Since they were released May 19th COMERCAM’s suggested revisions to how mezcals are labeled have been the source of a vigorous discussion. Clayton Szczech at Experience Mezcal has the most lucid description of what’s in the proposal that we’ve seen so definitely read his piece thoroughly.
Erick Rodriguez has long been active in this discussion and his Facebook post presents his position succinctly, here’s his opening salvo about this latest circular to give you an idea of the passion and debate this announcement has sparked:
Que puedo decir… Me cagan estos pendejos les falta tener más información y no sólo querer tomar decisiones por sus huevos, si no se revisan muchas cosas injustas para los mezcales tradicionales o una división de categorías ( industriales, artesanales y tradicionales) se seguirán comercializando “pese a quien le pese” (así como se menciona) dejemos por un momento las tradiciones, costumbres lo cultural los que trabajamos con estas familias que por siempre han sido aplastadas por sus intereses económicos y sociales, no los abandonaremos, no les diremos dejen de producir, porque seguro migraran y por consecuencia la desintegración familiar también se violenta la garantía individual de libertad de trabajo, consagrada en el art. 5 de nuestra constitución.
Habrán tomado algún día buen mezcal estas gentes?

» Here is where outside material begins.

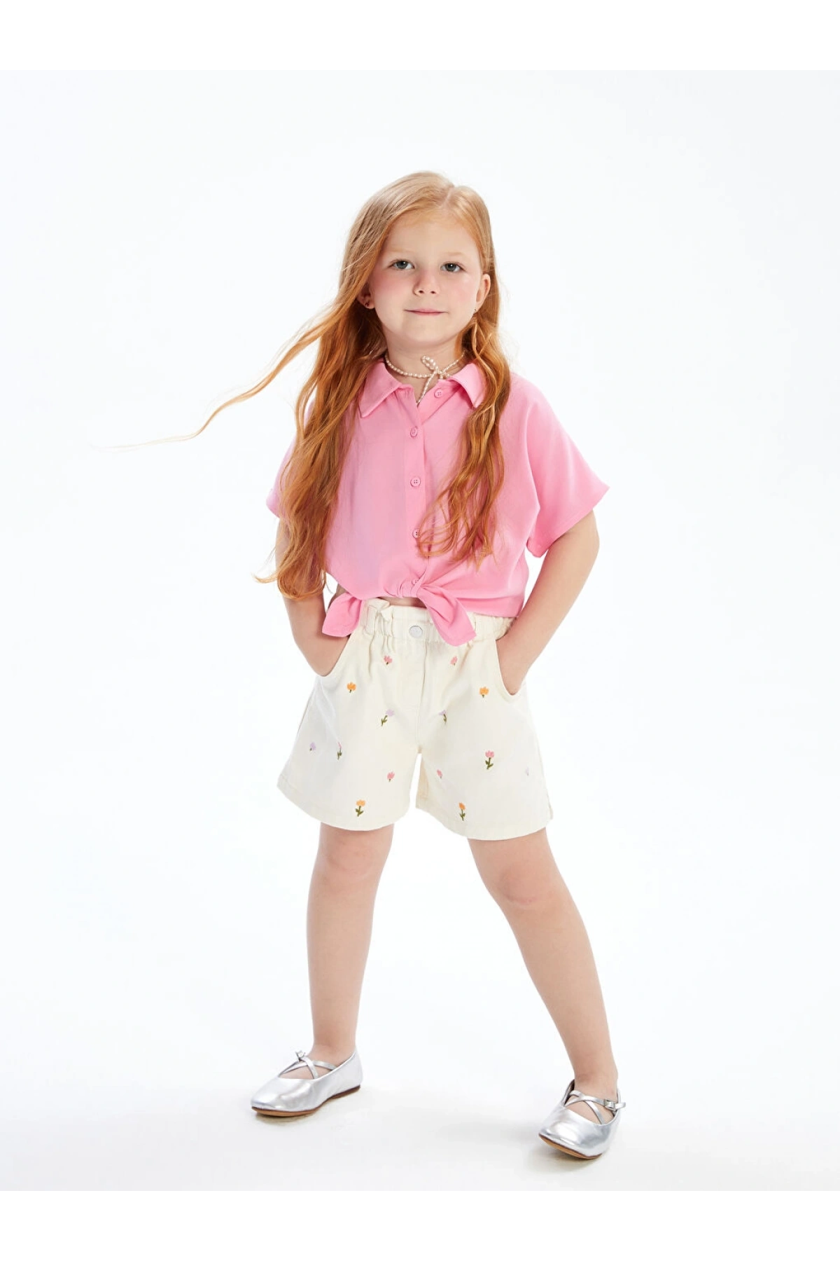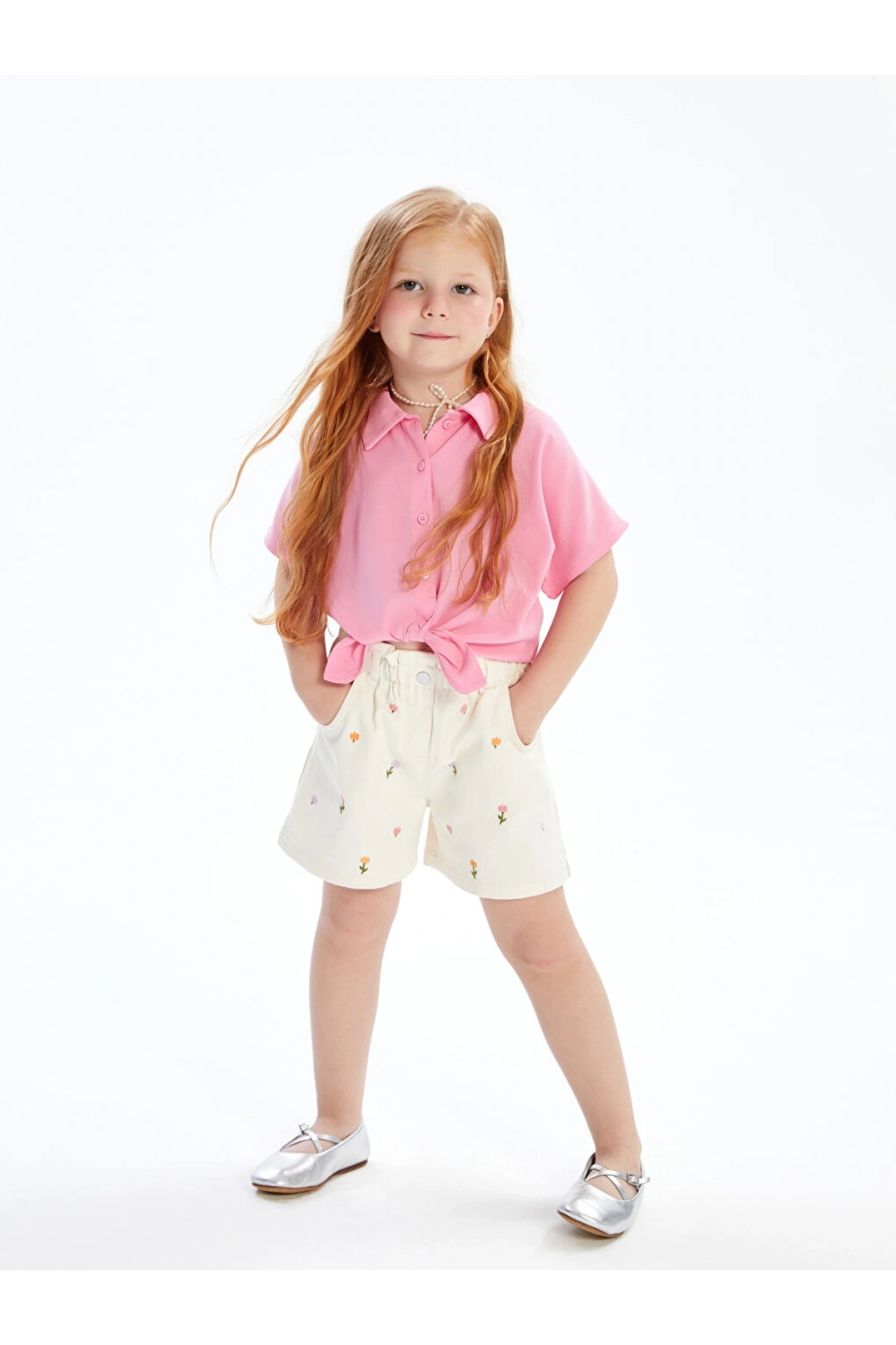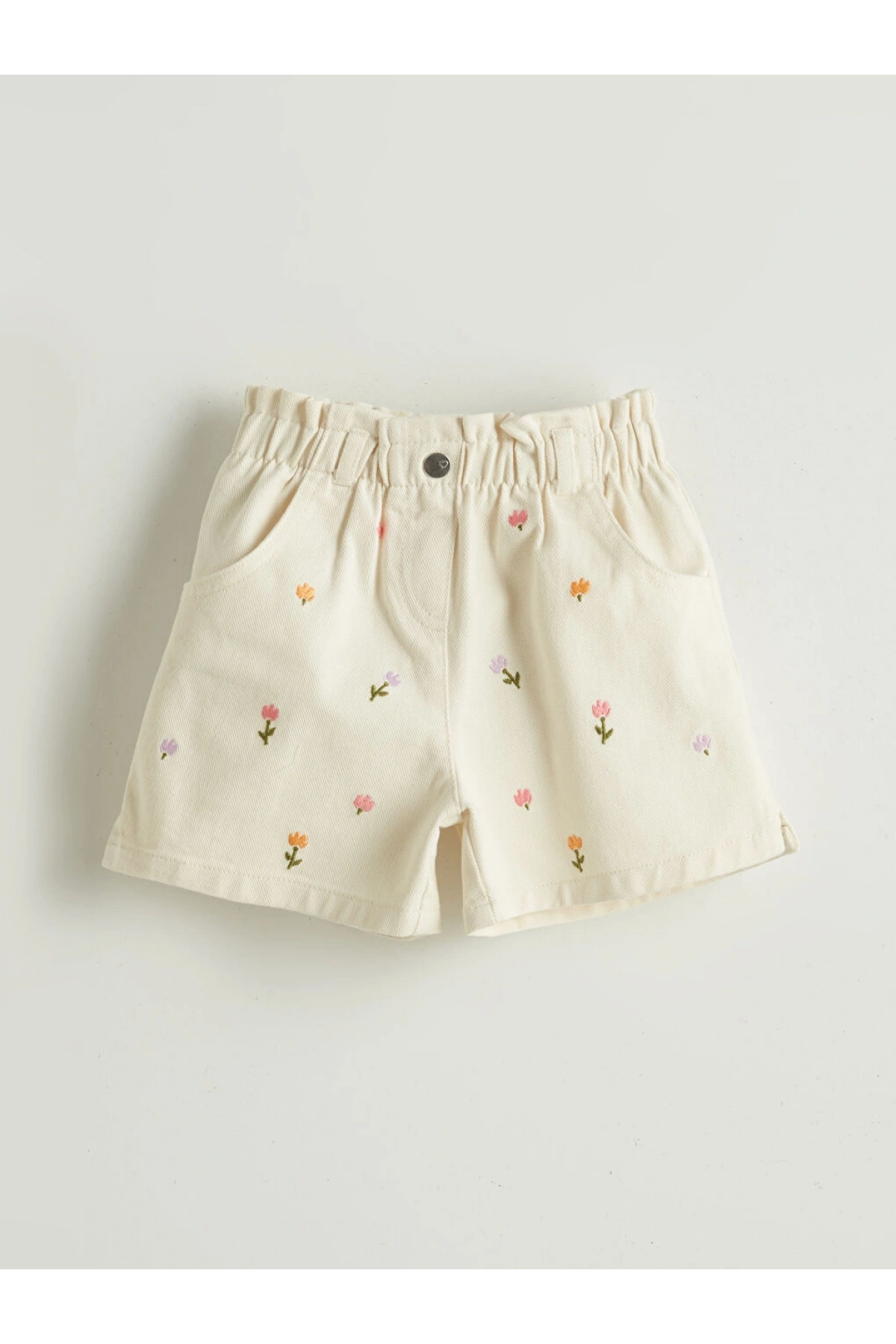 LCW Kids Ekru Çiçekli Gabardin Kız Çocuk Şort

Neee! yo me chingo un Mezcalito pal’alma…
Abracen a sus maestros.
In brief the circular proposes changing the labeling to “mezcal” which sounds like it means industrially produced and a new category of “mezcal artesanal/tradicional” which means pretty much what you expect: Agave hearts have to be cooked underground, crushed, fermented, and then double distilled. The one interesting note about the artesanal/tradicional category is that the cooked agave hearts can be crushed with mechanical means. This is not fully surprising as you do see some palenques that otherwise are fully “traditional” in their process using mechanized chippers.
However, circular 20 seems to cloud the distinction in the main proposal so we are going to do some more digging on that question. We chatted with a few people already producing mezcal in a traditional and artisanal fashion who say that most changes for them would be relatively small and mean slight changes to their labels. We haven’t been able to find anything on the question of whether this proposal would open the door to a tiered system for certification costs and tax rates but it certainly appears to create the legal distinction needed for that. We’ll have plenty of time to dig since it will probably take years for this to wind its way through the Mexican political system.
Oaxaca’s daily La Imparcial reported the story with quotes from COMERCOM’s head Hippocrates Nolasco Cancino.